Editorial: Clinical Genome Sequencing: Bioinformatics Challenges and Key Considerations

  • 1Division of Computational Biology, Department of Quantitative Health Sciences, Mayo Clinic, Rochester, MN, United States
  • 2Molecular Pathology and Cytogenomics Division, Department of Laboratory Medicine, Cleveland Clinic, Cleveland, OH, United States

Next generation sequencing (NGS) has been increasingly used to generate mutation, transcriptome and epigenomic profiles, as well demonstrated by The Cancer Genome Atlas (TCGA) (Tomczak et al., 2015) and the International Cancer Genome Consortium (ICGC) in major cancer types (Milius et al., 2014).

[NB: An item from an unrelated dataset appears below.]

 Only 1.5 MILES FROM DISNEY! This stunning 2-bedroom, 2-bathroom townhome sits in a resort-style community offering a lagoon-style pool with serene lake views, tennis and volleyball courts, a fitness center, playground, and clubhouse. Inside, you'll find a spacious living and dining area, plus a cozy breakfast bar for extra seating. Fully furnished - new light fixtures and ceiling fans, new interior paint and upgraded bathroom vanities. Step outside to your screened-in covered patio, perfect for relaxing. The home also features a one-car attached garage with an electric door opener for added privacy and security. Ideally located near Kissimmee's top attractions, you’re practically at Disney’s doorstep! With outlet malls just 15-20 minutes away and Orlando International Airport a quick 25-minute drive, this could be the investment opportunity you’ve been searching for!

It is evident that utilizing NGS-based omics data, individually or in combination, along with clinical metadata, can foster the development of robust biomarkers, such as tumor mutational burden, gene mutation and expression signature, and the classification of disease subtypes, thus benefiting patients in diagnosis, risk evaluation and potentially individualized therapy. In practice, however, prioritization on causal variants and genes still faces key challenges in data processing, harmonization, and clinical interpretation. Misinterpretation of genetic testing results remains a major bottleneck in cases of challenges (Farmer et al., 2021). This topic covers research articles that, as we described below, aimed to identify potentially functional variants and genes, or to build models for risk prediction.

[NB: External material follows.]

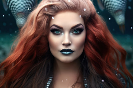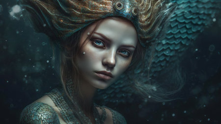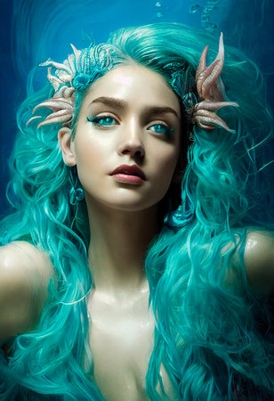 Portrait of a beautiful mermaid siren of the sea. The mermaid swimming underwater in the deep blue sea. Fantasy woman real mermaid. Myth mystic magic fairy tale concept.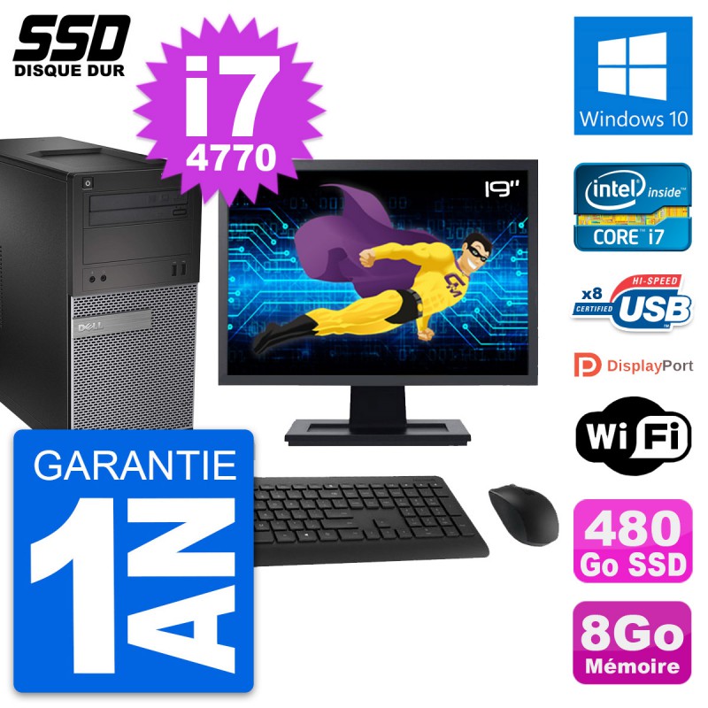 PC Tour Dell 3020 SFF - Intel Core i7-4770 3.4 Ghz (8 Mo) - 8 Go DDR3 - Disque Dur SSD 480 Go - Graveur DVD - Clef Wifi USB - Windows 10 - Livré avec Ecran 19" + clavier + souris (Marques et modèles variables) - Garantie 1 an.

Nomogram is a predictive model that is widely used to predict individual’s risk of recurrence, metastases and overall survival (Balachandran et al., 2015). To build a nomogram for early-stage hepatocellular carcinoma (HCC), Huang et al. downloaded transcriptome, mutation and clinical data for patients from a single cohort in TCGA and another four in ICGC. Cox regression analysis identified seven significant variables, including mutation status of TP53, MACF1, EYS and DOCK2, that were used to build the nomogram. The patients were then divided into low-versus high-risk group, with the former being associated with a better overall survival. Focused analysis of the cohort from TCGA revealed clear differences between the two risk groups in the abundance for seven of the 22 tumor-infiltrating hematopoietic cell subpopulations (Newman et al., 2015); also, the low-risk group had significantly lower Tumor Immune Dysfunction and Exclusion (TIDE) scores (Jiang et al., 2018), suggestive of a better immunotherapy response. This study demonstrated a risk stratification nomogram that is potentially linked to the infiltrating immune cell composition in HCC.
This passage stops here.